Oxidative stress is another critical component of the pathogenesis of RP that is present in both the RP map and the predicted relevant KDTs. In RP, oxidative stress is initiated by the release of ROS from dying photoreceptor cells and microglia cells. The accumulation of ROS leads to the activation of additional stress pathways, including the unfolded protein, leading to cell death [44, 60,61,62].

We also observed the implication of energetic and glucose-related functions, including HIF1 and HK1 pathways. Both HKI and HKII isoforms are expressed in the retina and target genes of the HIF-1 pathway, part of the RP map [58]. In fact, several cases of mutations in the HK1 gene were reported to cause RP in humans [4, 5]. This could affect glucose metabolism and energy supply to retinal cells, given that photoreceptor cells have very high energetic requirements.
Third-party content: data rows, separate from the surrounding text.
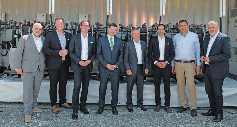 Damit kommt die innovative Organic-SolidFlowTechnologie erstmalig im Feld zum Einsatz und wird zukünftig überschüssig produzierte Energie des PVund Windparks aufnehmen und in weiterer Folge gezielt einspeisen. Der mobile Speicher in Containerform – sozusagen ein skalierbares „Lagerhaus für Strom“ – besteht aktuell aus sechs Batteriemodulen, die bis zu 500 kWh Energie speichern können und in den Gigawattstunden-Bereich erweiterbar sind.
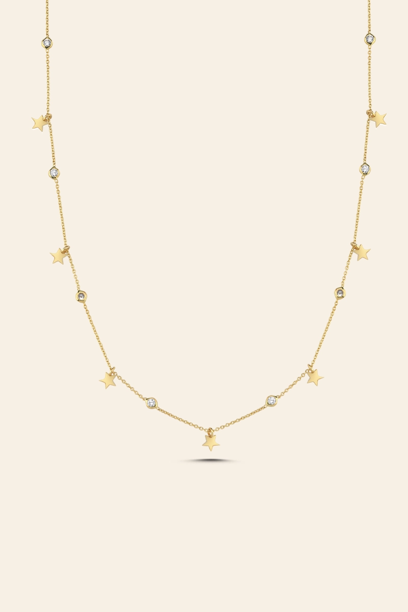 14 Ayar Sarı Altın Yıldızlı Zincirli Kolye
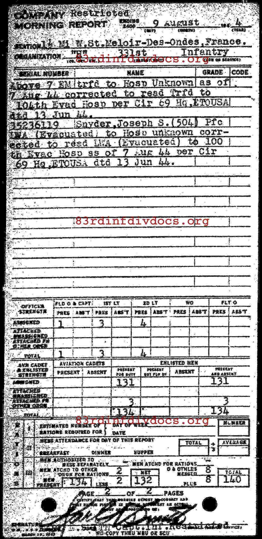 Morning report H/331 for August 9, 1944
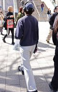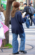 ロングヘア+キャップの女性も散見された。黒ではなくネイビーが...
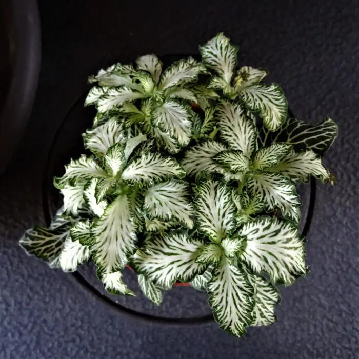 Fittonia albivenis (Verschaffeltii Group) 'White Forest Flame' is een klein kamerplantje met aantrekkelijke, bontgekleurde wit/groene blaadjes.
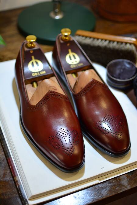Red brogued mojris with patina finish, hand-dyed & stitchline detailing.
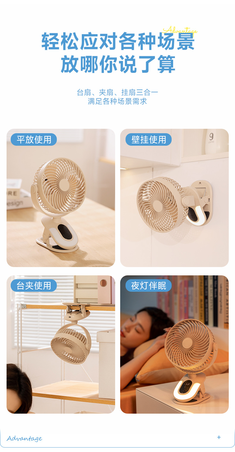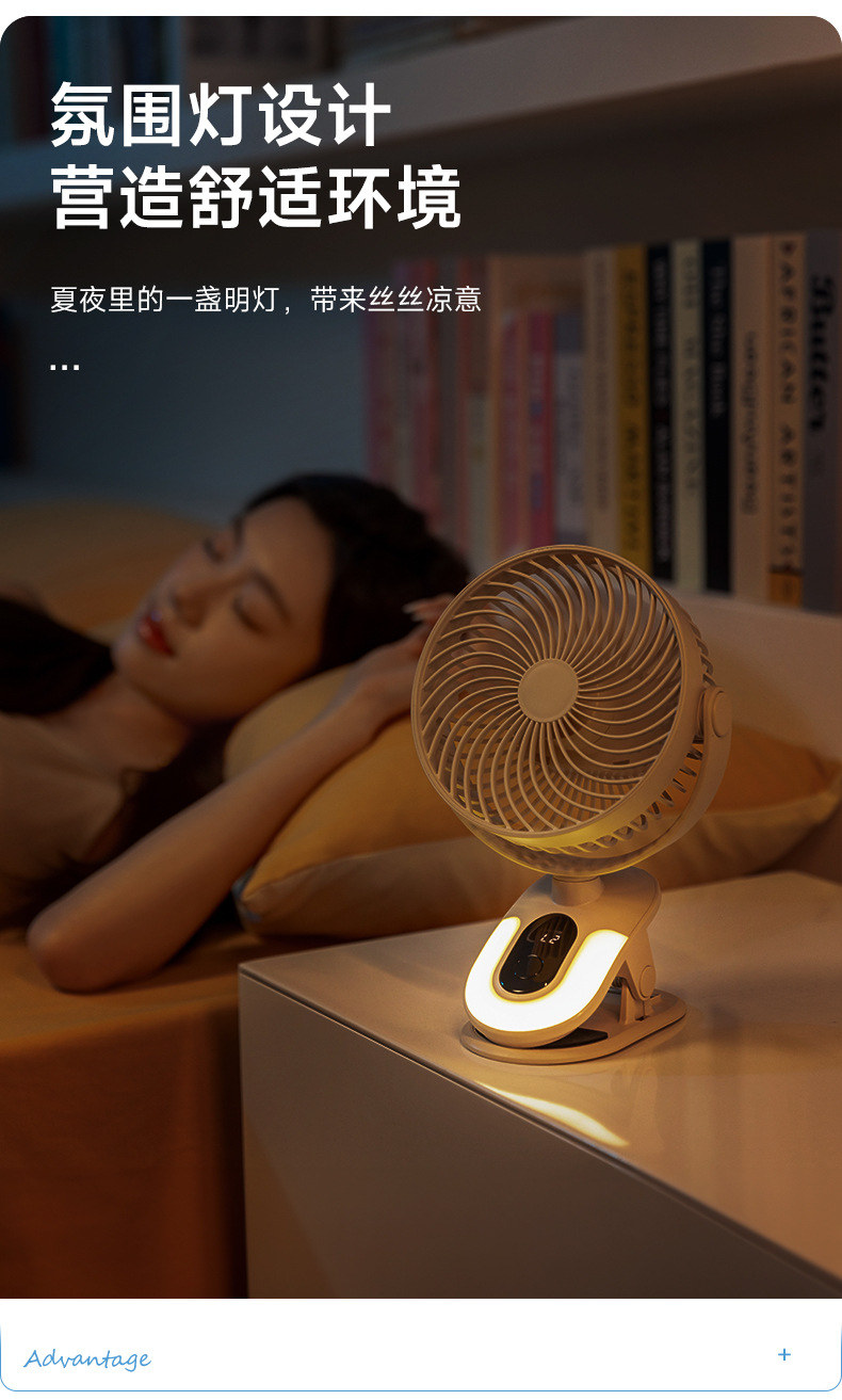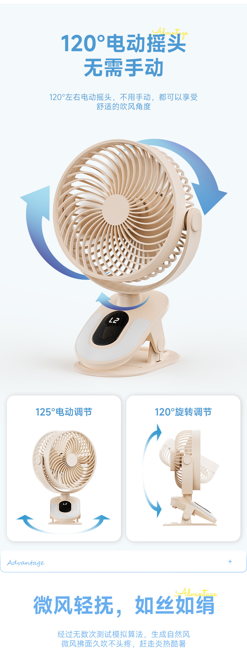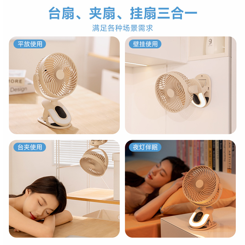 跨境夹子风扇带灯桌面小风扇台式左右摇头数显usb充电夹子小风扇
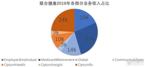 联合健康业务目前分为两大块,一块是健康保险业务体系(类比水滴保)的收入,一块是健康服务体系(类比水滴刚刚孵化的”好药付“,大病研究中心等)。尽管目前,前者依然贡献了其营收和利润的大头,但后发的健康服务业务,营收和利润占比,以及营收增速均高于前者,2019年,健康服务体系的营收贡献占比已经高达37%,同比增长11.5%,高于保险板块的5.6%。
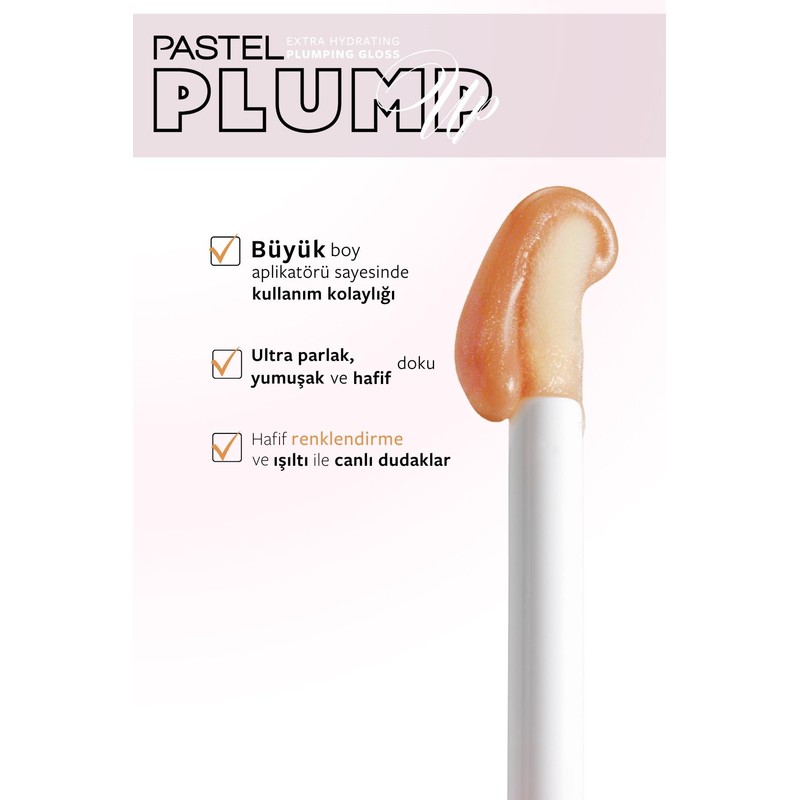 - Mentol ve chili pepper baharatlı bileşen içeren formülü ile dolgunlaştırıcı etkili Pastel Plump-Up dudak parlatıcısı
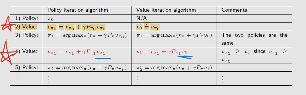 1)在上图步骤2中,在初始化第一个v时,值迭代是直接用一个值初始化v0,策略迭代是先初始一个策略π0,然后通过迭代求解bellman公式得到v_π0
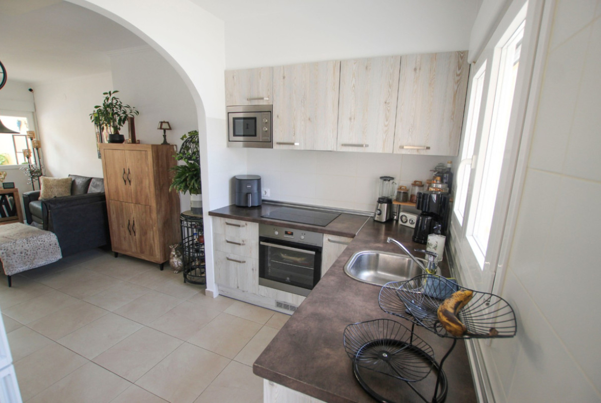 Spacious home with 3 bedrooms, equipped with shutters for added comfort and privacy2 modern bathrooms, including one with a walk-in shower for a luxurious experienceFully equipped open kitchen with all necessary appliances, perfect for cozy cooking eveningsAir conditioning in the home, for a pleasant indoor climate all year roundParking space for up to 3 cars, ideal for families or visitorsCommunal swimming pool, perfect for relaxing and enjoying the sunThis property combines practical amenities with an attractive location, making it an excellent choice for both permanent residence and vacation home. Thanks to the south-facing position, you can enjoy optimal sunshine hours and a bright, welcoming atmosphere.
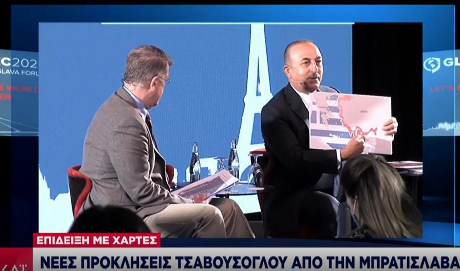 Συγκεκριμένα κατά την διάρκεια της τοποθέτησης του στο φόρουμ της Ασφάλειας ο Τσαβούσογλου έβγαλε τρείς χάρτες .
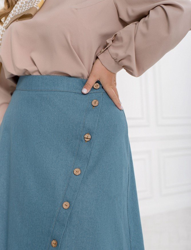 Жіночна джинсова спідниця міді стане вашим фаворитом в цьому сезоні завдяки комфорту і універсальності, які вона подарує вам. Модель на резинці, вшитій в пояс по спинці, застібається на ряд гудзиків спереду, а також доповнена зручними кишенями в бічних швах.
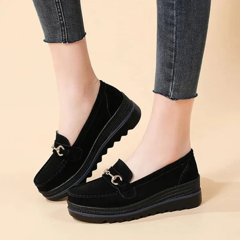 Elegante Wildleder-Mokassins für Damen mit orthopädischem Komfort und modischen Keilabsätzen
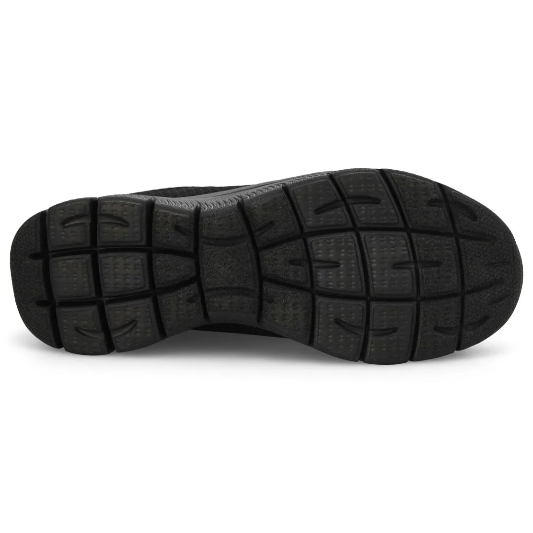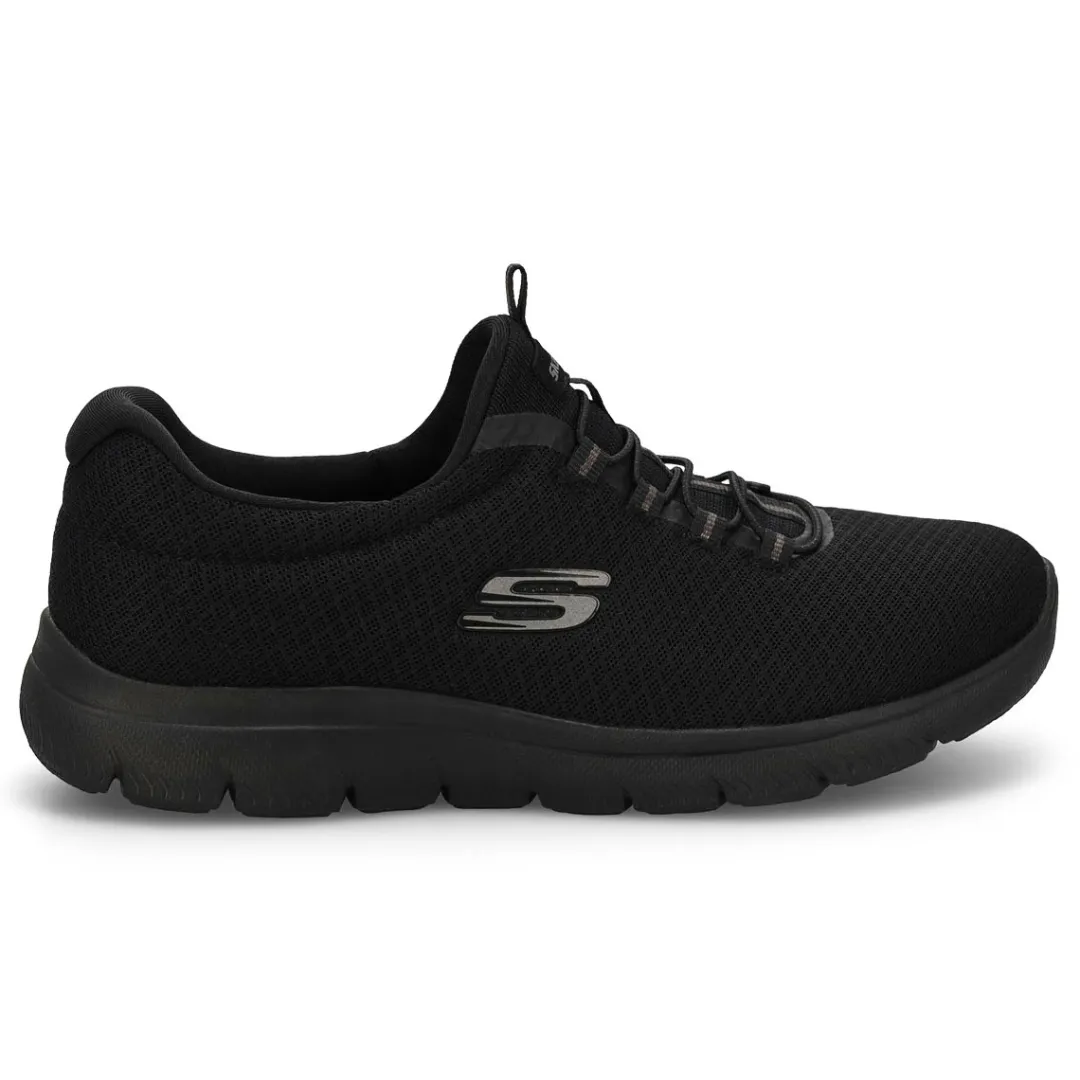 Get right to the sporty style and comfort wearing the Summits black slip on from Skechers. Features a Jersey knit mesh nearly one piece upper in a nearly seamless upper design. Slip on bungee front athletic training sneaker design. Soft fabric shoe lining with a Memory Foam full length cushioned comfort insole for all day comfort. Wide Width.
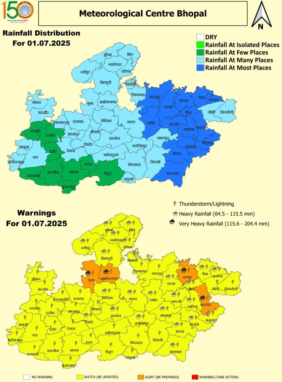 मंगलवार 1 जुलाईः गुना, अशोकनगर, सतना, शहडोल में अति भारी बारिश का अलर्ट ।ग्वालियर, जबलपुर, श्योपुर, मुरैना, भिंड, शिवपुरी, सीहोर, विदिशा, सागर, रायसेन, नरसिंहपुर, बालाघाट, मंडला, डिंडौरी, अनूपपुर, कटनी, दमोह, पन्ना, रीवा, मऊगंज में भारी बारिश । भोपाल, इंदौर, उज्जैन में भी बारिश का दौर।
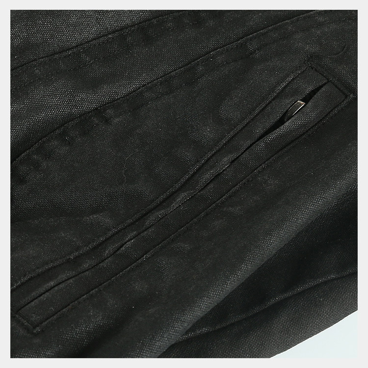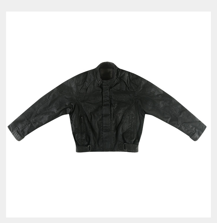 • Building on the classic D5OVE motorcycle jacket lineage, this piece adopts a cropped, wide boxy fit that visually raises the waistline and accentuates proportions. Multiple structural panels are combined with a hand-applied wax-dye and garment-aging process, creating a unique visual effect that enriches the design with texture and layering. The adjustable hem further contributes to a distinctive silhouette infused with raw motorcycle aesthetics for strong visual impact. Crafted from heavy-duty canvas that is structured and shape-holding, the jacket is treated with a signature hand-waxed dye and aging technique for standout. It delivers both practical wear and a bold visual statement.
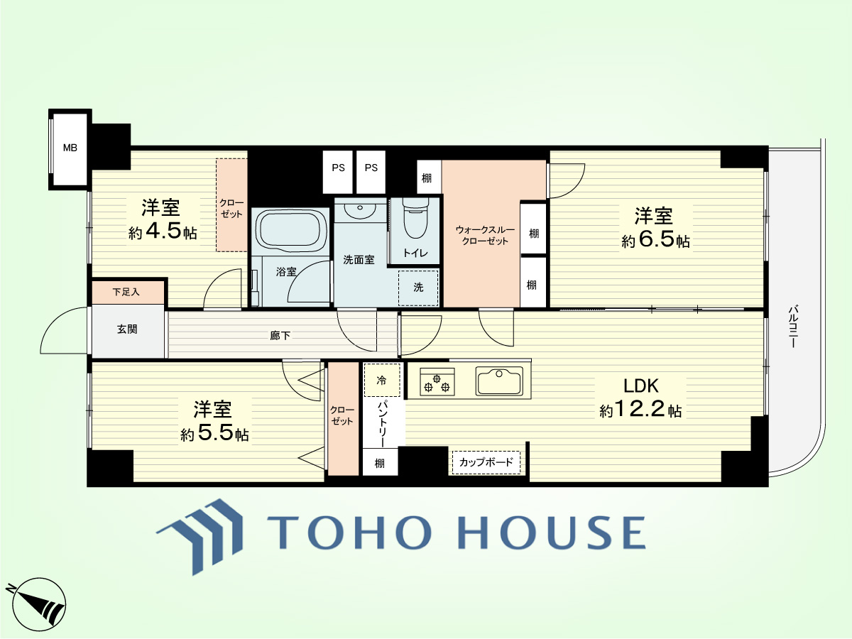 3LDK+パントリー 専有面積66.95平米、バルコニー面積5.54平米
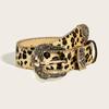 PU Leopard Print Belt Vintage Suede Waistband Gothic Carved Buckle Belt Streewear
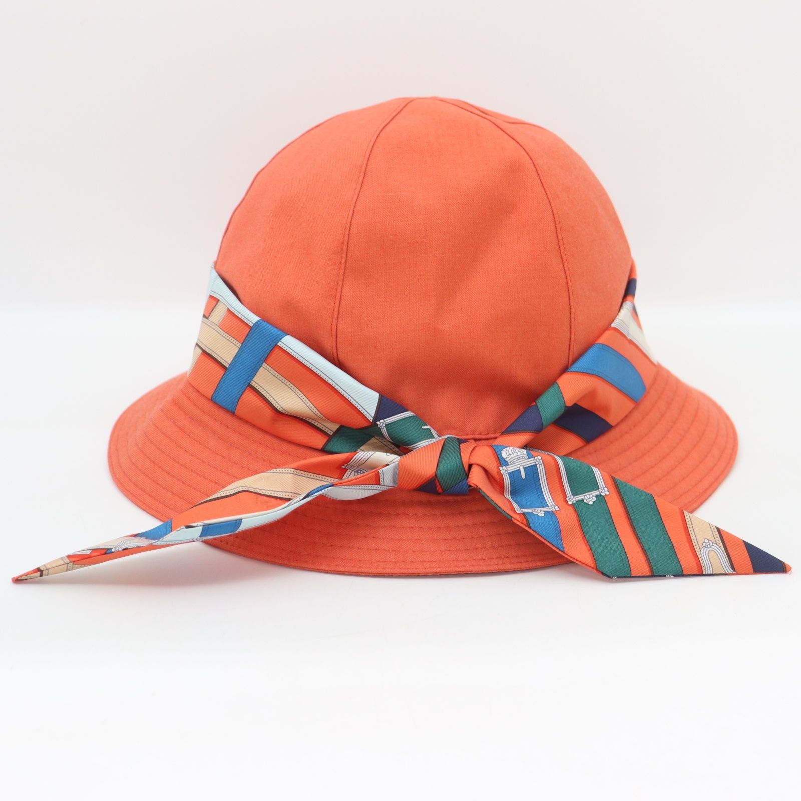 HERMES エルメス バケットハット ツイリー オレンジ シルク 帽子 サイズ 57 レディース ポリエステル ビスコース
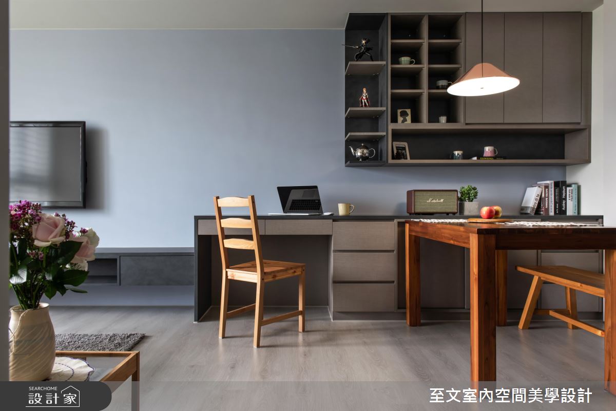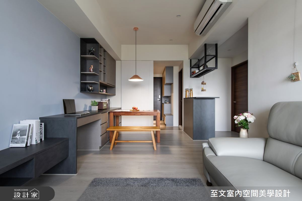 玄關區域刻意轉換地坪建材、界定落塵範圍,並打造木作造型橫拉門,與室內公領域做出場域界定,且加入壁燈與鏡面照亮空間,開啟明亮溫馨的入口風景;開放的客餐廳,以電視櫃串聯書桌平台,將機能集中在同一道立面軸線上,形成一體成形的量體,讓出更多的空間感,也藉由共用陪伴的使用情境,拉近家人相聚的時間;色彩與建材上,則選用淺灰藍與白色作牆面襯底,家具轉換為顏色較深的色調,跳出對比的俐落風采;同時在廚房門前配置小吧檯,除了備餐使用,也兼顧電器櫃功能,再於上方懸掛輕巧的噴黑鐵件吊櫃,形成輕盈且具個性感的半空焦點!
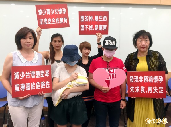 小婷、小芬(左二、右二)現身說法,呼籲非預期懷孕者勿輕易決定墮胎。(記者張菁雅攝)
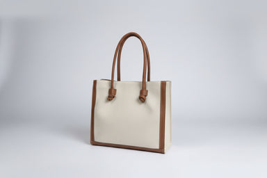 The Linen Tote combines timeless elegance with everyday practicality. Crafted from rich cognac leather and linen, this classic tote measures 14" wi...
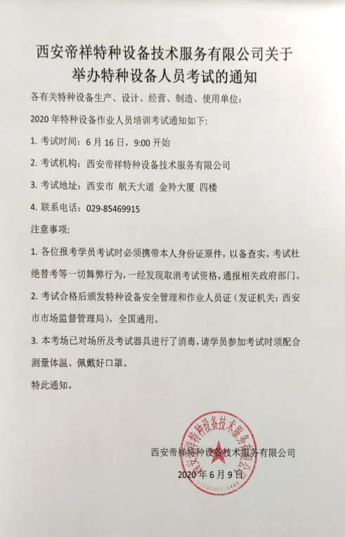 西安帝祥特種設備技術服務有限公司根據(jù)通知精神,為給考生提供安全、清潔的考場環(huán)境,本考點做了大量準備工作,對考場進行全面消殺,做好室內(nèi)通風,保證考場符合良好的衛(wèi)生要求。決定于2020年6月16日舉辦特種設備人員考試工作。

Since neurons are highly excitable and sensitive to ischemia-induced death, due to their high ATP turnover rate [48, 63], the presence of voltage-gated sodium or calcium channels makes neurons susceptible to overload and swelling, while glutamate-gated channels make neurons susceptible to excitotoxicity and rupture [64,65,66]. Thus, stimuli and sensory transduction also plays a role in RP progression, making photoreceptor cells and other neural cells susceptible to excitotoxic neurotransmitters, such as glutamate, or to the action of other neurotransmitters, like GABA or glycine [67]. As mentioned above, RP leads to a progressive loss of photoreceptor cells, but other neural cells suffer morphologic and metabolic changes resulting in retinal remodeling including loss of retinal ganglion cells (RGCs) or network rewiring [68].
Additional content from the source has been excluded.